* [Problem details]
Write every line below out again exactly, images omitted.

* [Information shown]

----------------

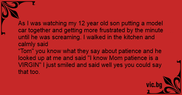“Tom" you know what they say about patience and he looked up at me and said "I know Mom patience is a VIRGIN" I just smiled and said well yes you could say that too.
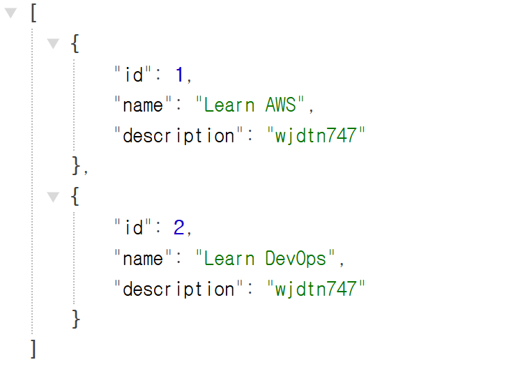 ex)List<Class객체>▶ JSONpublic List<Course> retrieveAllCourses(){ return Arrays.asList( new Course(1,"Learn AWS","wjdtn747"), new Course(2,"Learn DevOps","wjdtn747"),
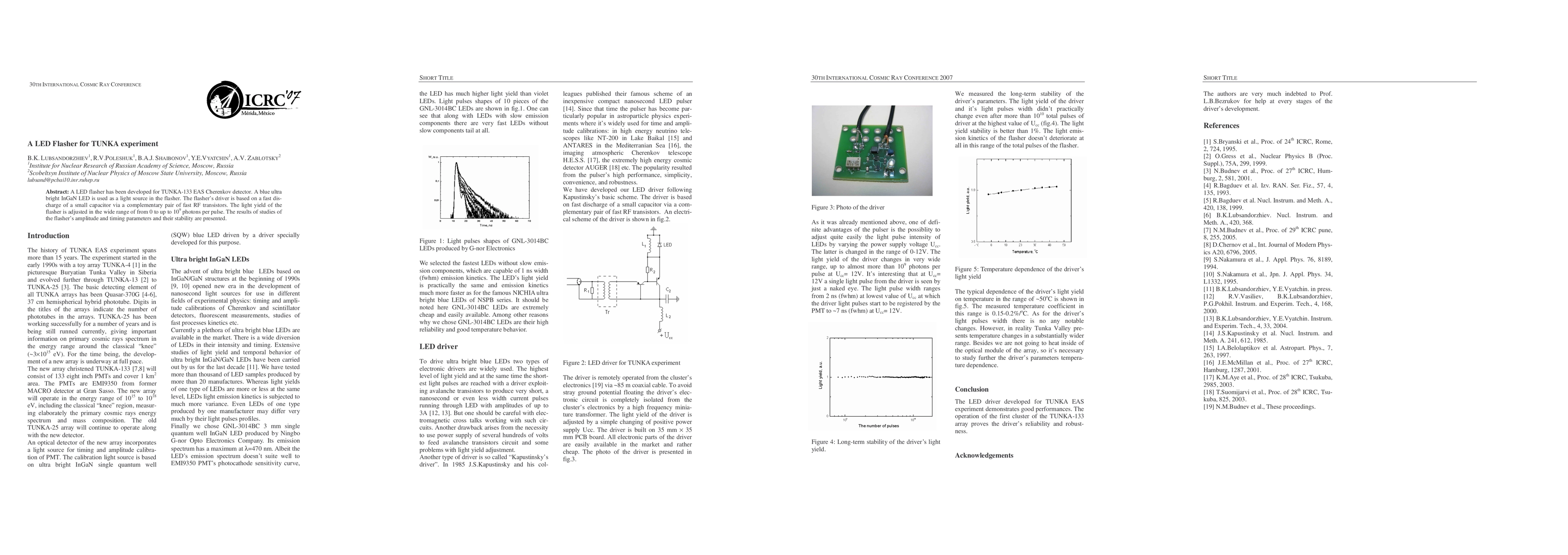 A LED flasher has been developed for TUNKA-133 EAS Cherenkov detector. A blue ultra bright InGaN LED is used as a light source in the flasher. The flasher's driver is based on a fast discharge of a small capacitor via a complementary pair of fast RF transistors. The light yield of the flasher is adjusted in the wide range of from 0 to up to 10**9 photons per pulse. The results of studies of the flasher's amplitude and timing parameters and their stability are presented.

----------------

* [Task response]
“Tom" you know what they say about patience and he looked up at me and said "I know Mom patience is a VIRGIN" I just smiled and said well yes you could say that too.
 ex)List<Class객체>▶ JSONpublic List<Course> retrieveAllCourses(){ return Arrays.asList( new Course(1,"Learn AWS","wjdtn747"), new Course(2,"Learn DevOps","wjdtn747"),
 A LED flasher has been developed for TUNKA-133 EAS Cherenkov detector. A blue ultra bright InGaN LED is used as a light source in the flasher. The flasher's driver is based on a fast discharge of a small capacitor via a complementary pair of fast RF transistors. The light yield of the flasher is adjusted in the wide range of from 0 to up to 10**9 photons per pulse. The results of studies of the flasher's amplitude and timing parameters and their stability are presented.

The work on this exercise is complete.